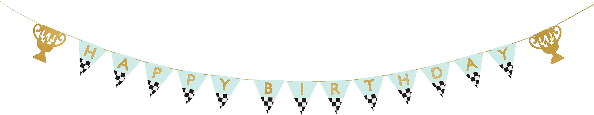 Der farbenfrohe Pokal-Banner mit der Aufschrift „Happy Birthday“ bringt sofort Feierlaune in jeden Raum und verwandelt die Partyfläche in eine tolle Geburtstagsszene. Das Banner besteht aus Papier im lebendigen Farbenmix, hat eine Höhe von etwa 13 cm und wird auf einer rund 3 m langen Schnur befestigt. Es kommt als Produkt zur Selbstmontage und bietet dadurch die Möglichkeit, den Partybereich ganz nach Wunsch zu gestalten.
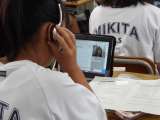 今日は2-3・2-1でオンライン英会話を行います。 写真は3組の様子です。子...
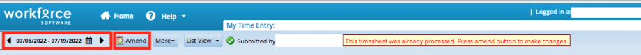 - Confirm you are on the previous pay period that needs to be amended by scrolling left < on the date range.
--
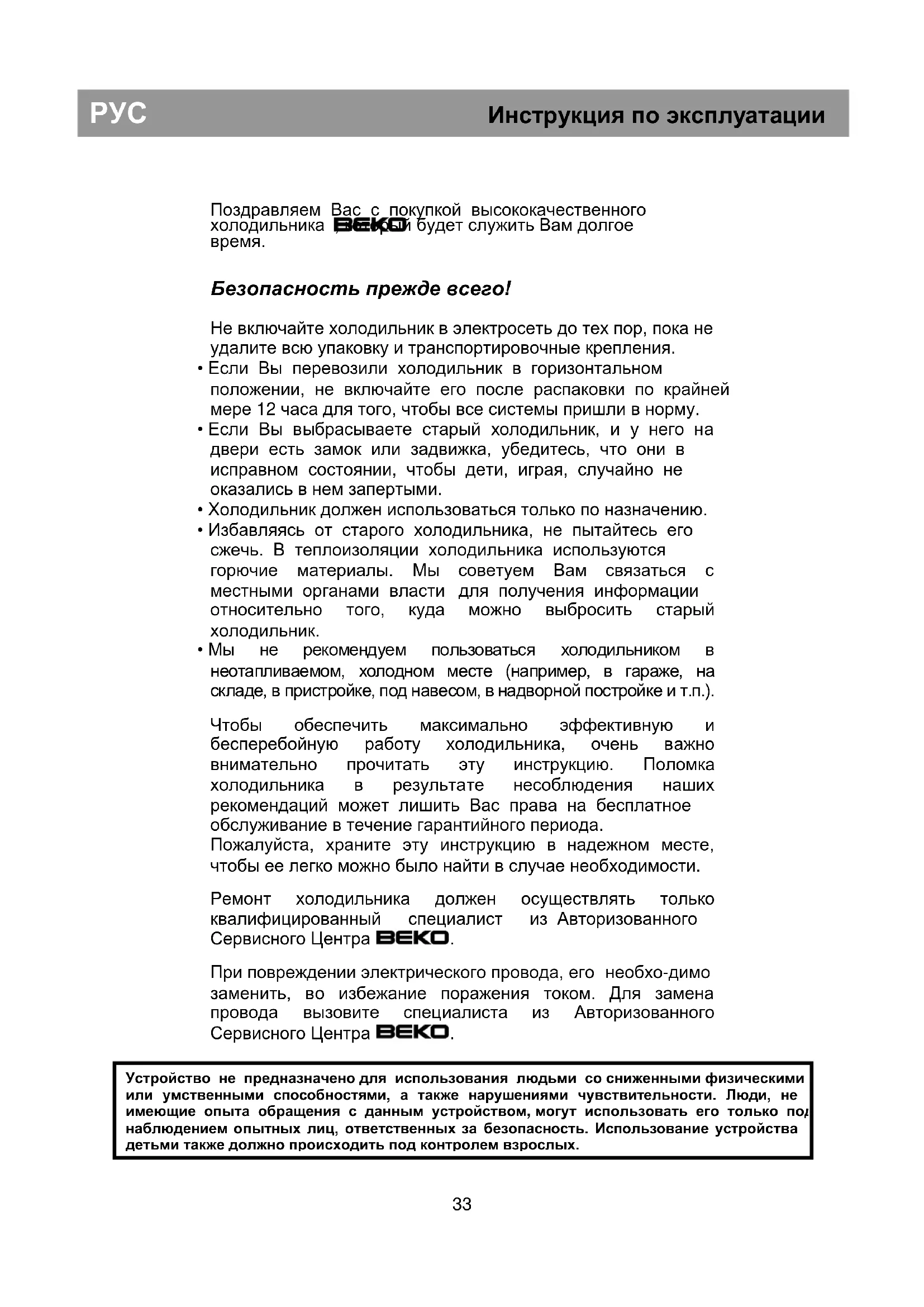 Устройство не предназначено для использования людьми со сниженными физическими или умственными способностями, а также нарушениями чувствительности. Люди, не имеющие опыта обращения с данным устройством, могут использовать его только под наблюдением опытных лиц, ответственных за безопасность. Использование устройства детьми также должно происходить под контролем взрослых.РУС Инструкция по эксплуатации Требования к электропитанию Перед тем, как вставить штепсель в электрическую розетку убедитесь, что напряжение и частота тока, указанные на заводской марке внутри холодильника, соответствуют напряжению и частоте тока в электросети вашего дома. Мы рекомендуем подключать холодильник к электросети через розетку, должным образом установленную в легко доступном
...
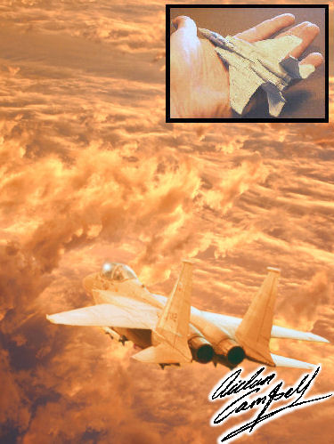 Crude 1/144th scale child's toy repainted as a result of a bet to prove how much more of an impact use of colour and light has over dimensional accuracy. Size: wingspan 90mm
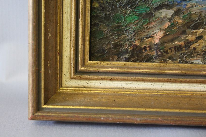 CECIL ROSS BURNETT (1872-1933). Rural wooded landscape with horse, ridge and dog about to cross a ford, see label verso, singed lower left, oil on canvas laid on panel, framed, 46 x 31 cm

- The task
Between and including the line with "Der farbenfrohe Pokal-Banner" and the line with "- Confirm you", repeat every line exactly as it appears above, with pictures left out.

- Task answer
 Der farbenfrohe Pokal-Banner mit der Aufschrift „Happy Birthday“ bringt sofort Feierlaune in jeden Raum und verwandelt die Partyfläche in eine tolle Geburtstagsszene. Das Banner besteht aus Papier im lebendigen Farbenmix, hat eine Höhe von etwa 13 cm und wird auf einer rund 3 m langen Schnur befestigt. Es kommt als Produkt zur Selbstmontage und bietet dadurch die Möglichkeit, den Partybereich ganz nach Wunsch zu gestalten.
 今日は2-3・2-1でオンライン英会話を行います。 写真は3組の様子です。子...
 - Confirm you are on the previous pay period that needs to be amended by scrolling left < on the date range.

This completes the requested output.